The Liriodendron Chinense Mkk2 Gene Enhances Arabidopsis Thaliana Salt Resistance

To adapt and sense environmental perturbations, including a variety of biotic and abiotic stress conditions, plants have developed disparate regulatory pathways. Mitogen-activated protein kinase (MAPK or MPK) signaling cascades are found widespread across the eukaryotic kingdoms of life. In plants, they may regulate signaling pathways aimed at resisting the stressful effects of low temperature, salt damage, drought, touch, and mechanical damage. To date, no conclusive studies into Liriodendron chinense (Hemsl.) Sarg MPK-related stress resistance signaling have been performed.
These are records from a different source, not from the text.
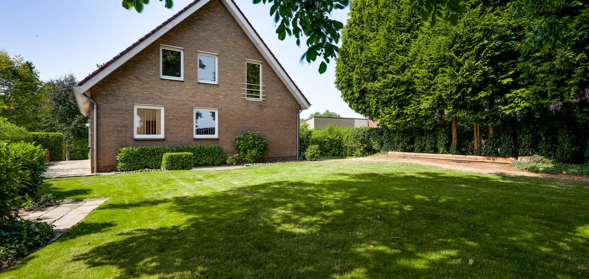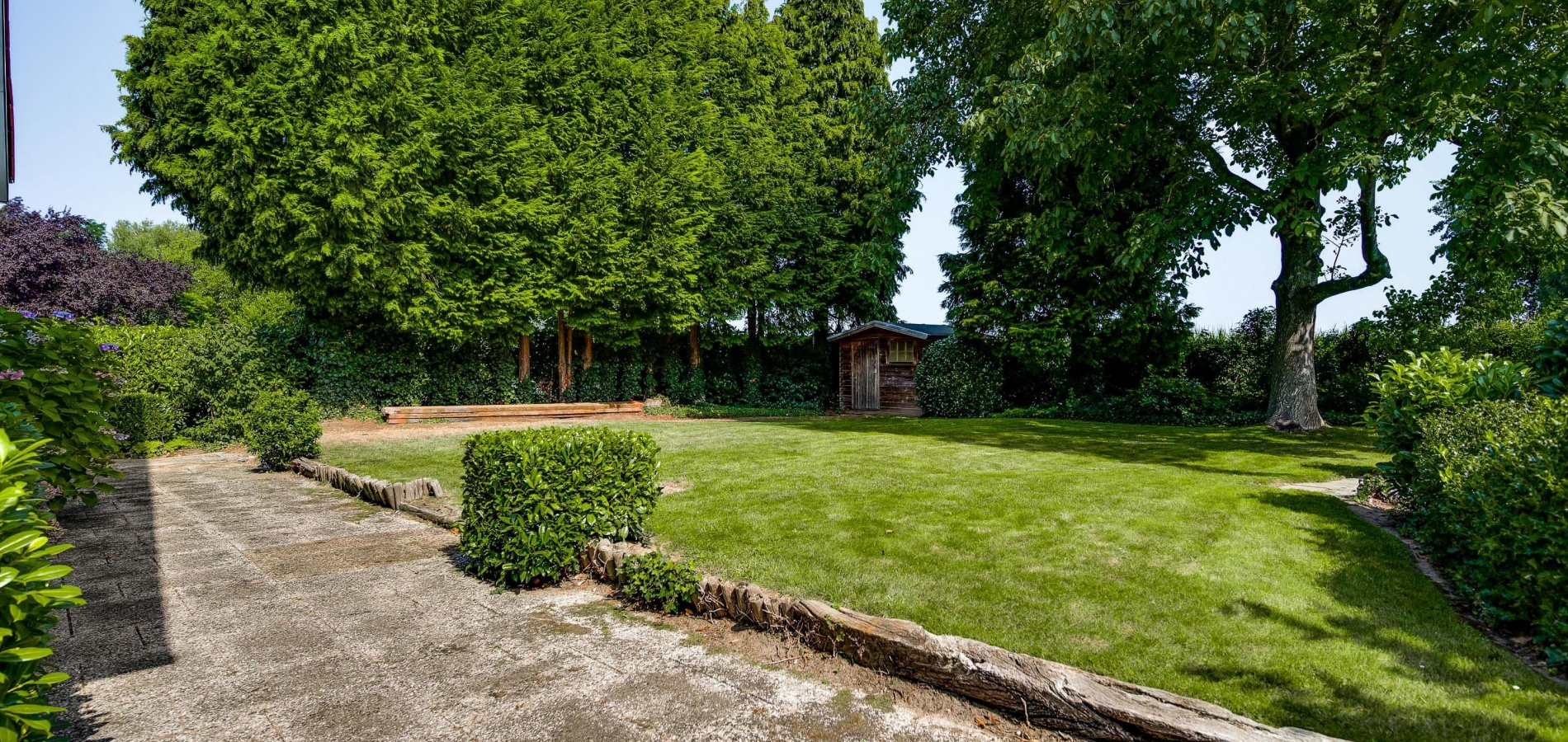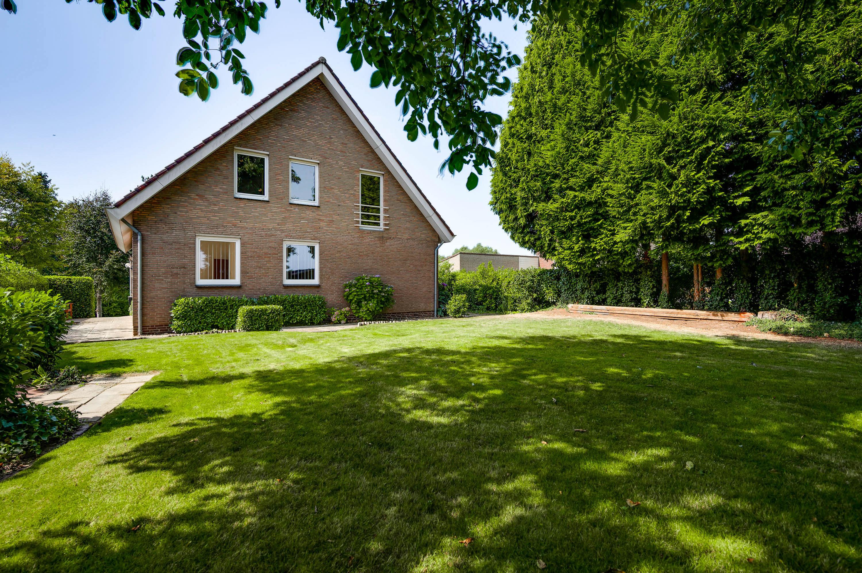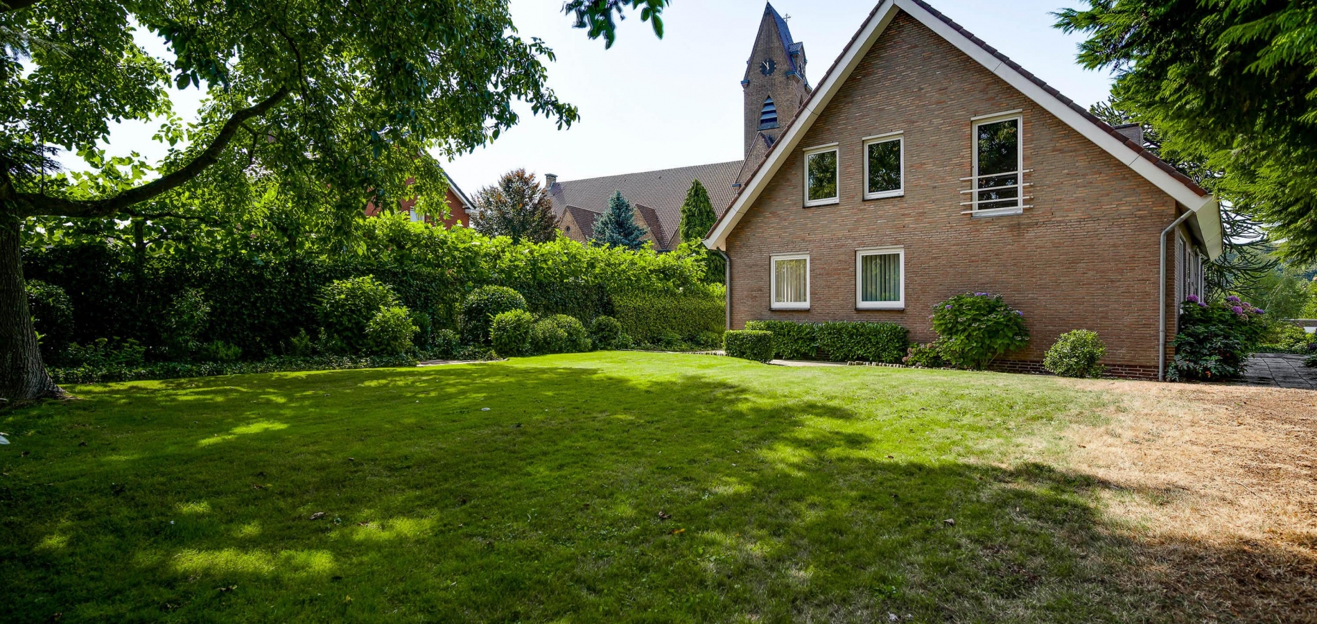 Rondom de woning is de royale tuin, met veel groen en privacy. De achtertuin, met een groot gazon en mooie bomen, grenst aan een akker. Het terras bij de entree biedt eveneens een fijne plek om buiten te zitten, met uitzicht naar de kerktoren. Bij de hellende tuin is de oprit, met parkeergelegenheid voor meerdere auto’s.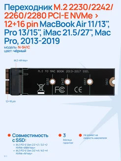 Переходник SSD M.2 PCI-E NVMe > 12+16 pin MacBook iMac Mac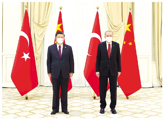 ▲当地时间9月16日上午,国家主席习近平在撒马尔罕国宾馆会见土耳其总统埃尔多安。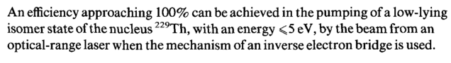 An efficiency approaching 100% can be achieved in the pumping of a low-lying isomer state of the nucleus 229Th, with an energy < 5 eV, by the beam from an optical-range laser when the mechanism of an inverse electron bridge is used.
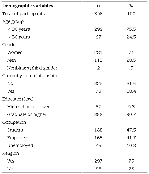 Four hundred thirty-six participants consented to participate in the online survey. We excluded 40 participants that did not meet the selection criteria. We included a total of 396 participants in the study, with a mean age of 26 (IQR, 23-30) years; 71% were women. Most participants were single (81.6%), attained higher education (90.7%), were students (47.5%) or employees (41.7%) or identified with religious practice (75%), mainly Catholicism (87.2%). Demographic data are summarized in Table 1 .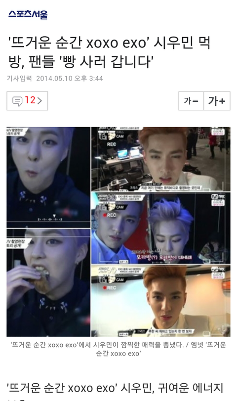 시우민 먹방, 팬들 '빵 사러 갑니다' ㅋㅋㅋ기사제목ㅋ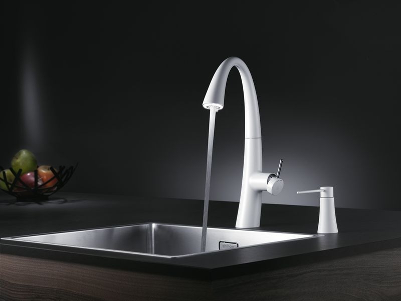Premium-Lifestyle Armatur mit scheinbar unsichtbar in den Auszugauslauf integriertem LED-Lichtring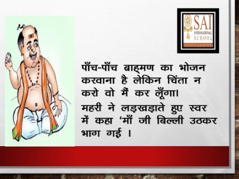 Ikk¡p&Ikk¡p czkg~e.k dk Hkkstu djokuk gS ysfdu fpark u djks oks eSa dj yw¡xkA egjh us yM+[kM+krs gq, Loj esa dgk ^ek¡ th fcYyh mBdj Hkkx xbZ A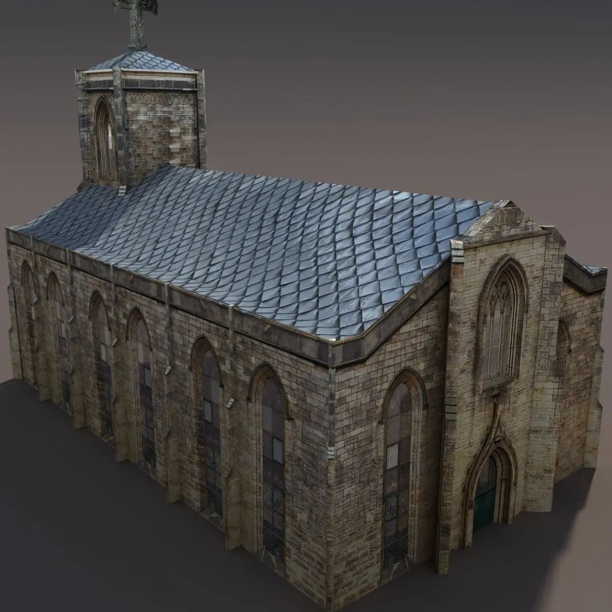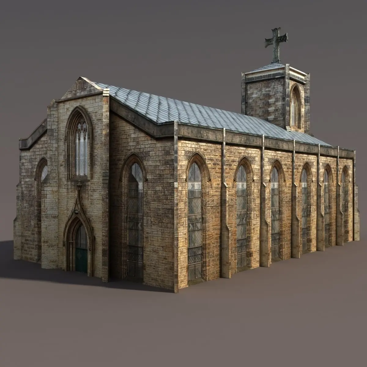 A 3D model of a low poly roman chruch. Exterior only, no interior.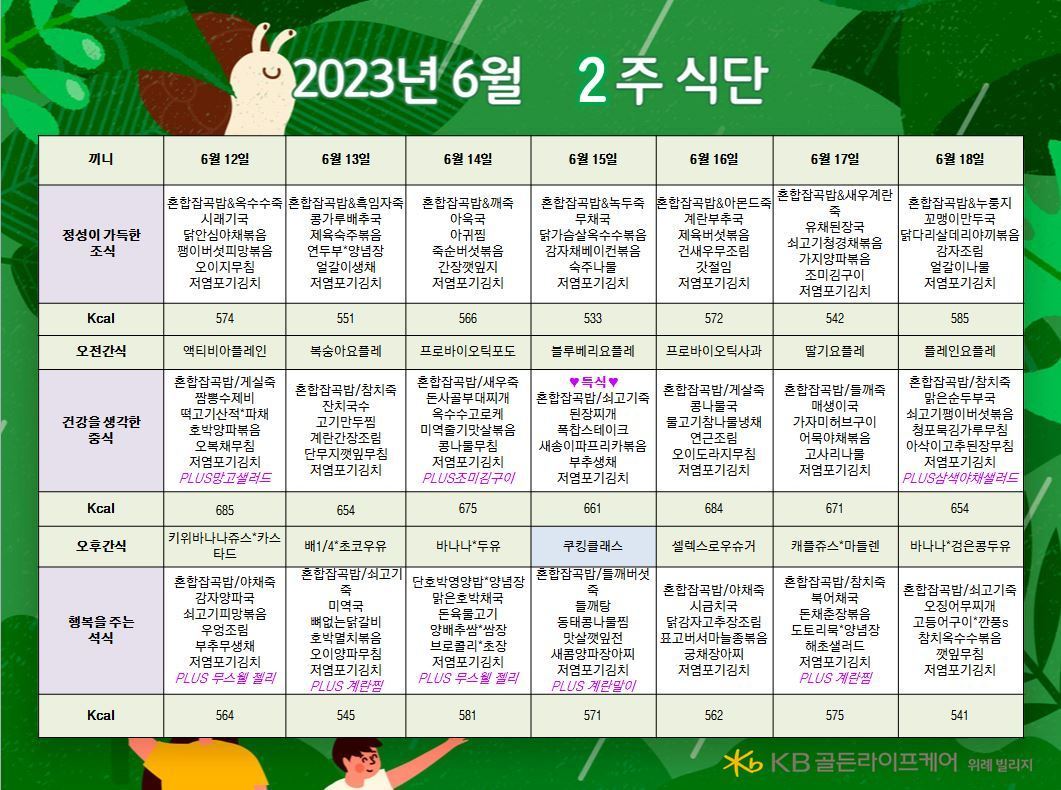 위례빌리지 [식단안내] 위례 빌리지 6월 2주차 식단표 페이지 정보 작성자 KB 골든라이프케어 댓글 0건 조회 2,327회 작성일 23-06-10 07:36 목록 본문 목록 이전글[식단안내] 위례 케어센터 6월 2주차 식단표 23.06.10 다음글[식단안내] 서초 빌리지 6월 2주차 식단표 23.06.09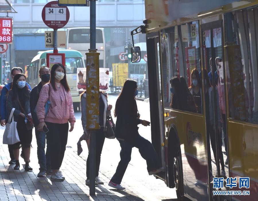 1月26日,戴口罩的香港市民排队搭乘巴士。新华社记者 卢炳辉 摄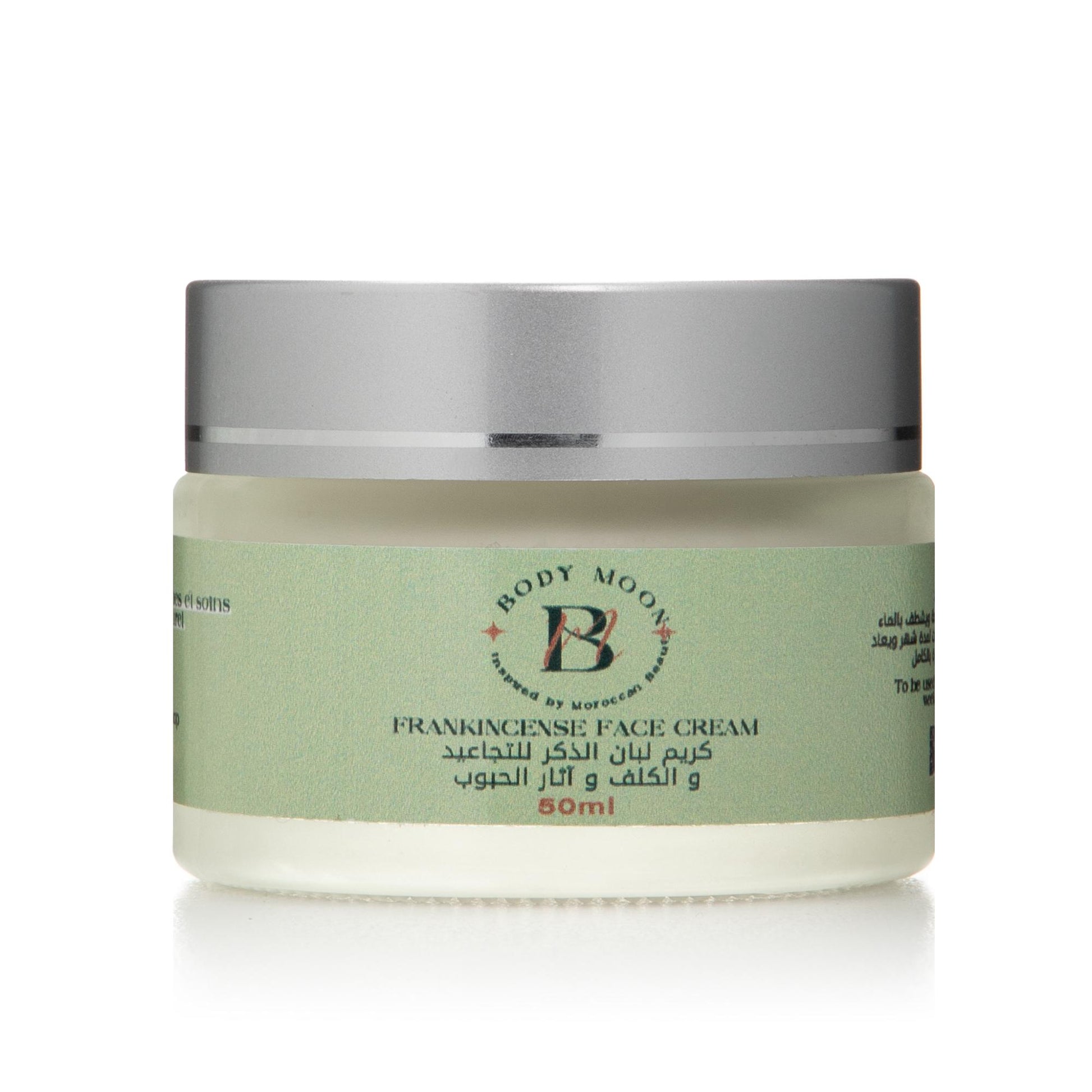 لبان الذكر مادة صمغية تُستخلص من قلب شجرة اللبان التي تنمو في بعض المناطق بقارة إفريقيا والخليج العربي، ويحتوي على عديد من الخواص العلاجية، تستخدم في مجال التجميل للوجه والشعر و الجسم يحتوي هذا الكريم على مادة الكولاجين الطبيعية والكثير من المواد الأخرى التي تساهم في تجديد خلايا البشرة وتفتيح لونها، وتخلص من تجاعيد البشرة ، كما يعيد إلى البشرة نضارتها ويساعد على شد المسام وتصغيرها.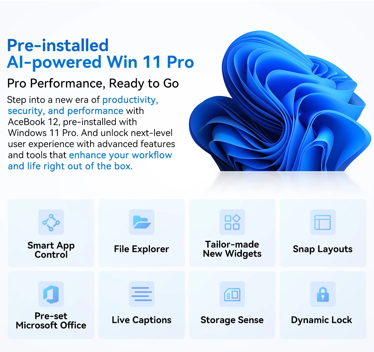 Blackview AceBook 12 Win 11 Pro Laptop 16'' 1920*1200 Display, Intel I5-1030NG7 Notebook, 16GB 512GB, 5000mAh

In our study, we cloned three homologous L. chinense MAP kinase kinase family genes: LcMKK2, LcMKK4, and LcMKK6. LcMKK2 and LcMKK6 have their highest expression level in the root, while LcMKK4 is highly expressed in the stem. LcMKK2 showed upregulation in response to salt and cold stress conditions in L. chinense. To further analyze its gene function, we overexpressed LcMKK2 in wild-type Arabidopsis thaliana (L.) Heynh. and obtained transgenic plants. Overexpression of LcMKK2 caused a significant reduction in plant mortality (from 96% to 70%) in response to a 7-day 200 mM NaCl treatment. Therefore, we conclude that LcMKK2 is involved in a signaling response to salt stress, and it could thus prove an effective target gene for breeding strategies to improve Liriodendron salt tolerance.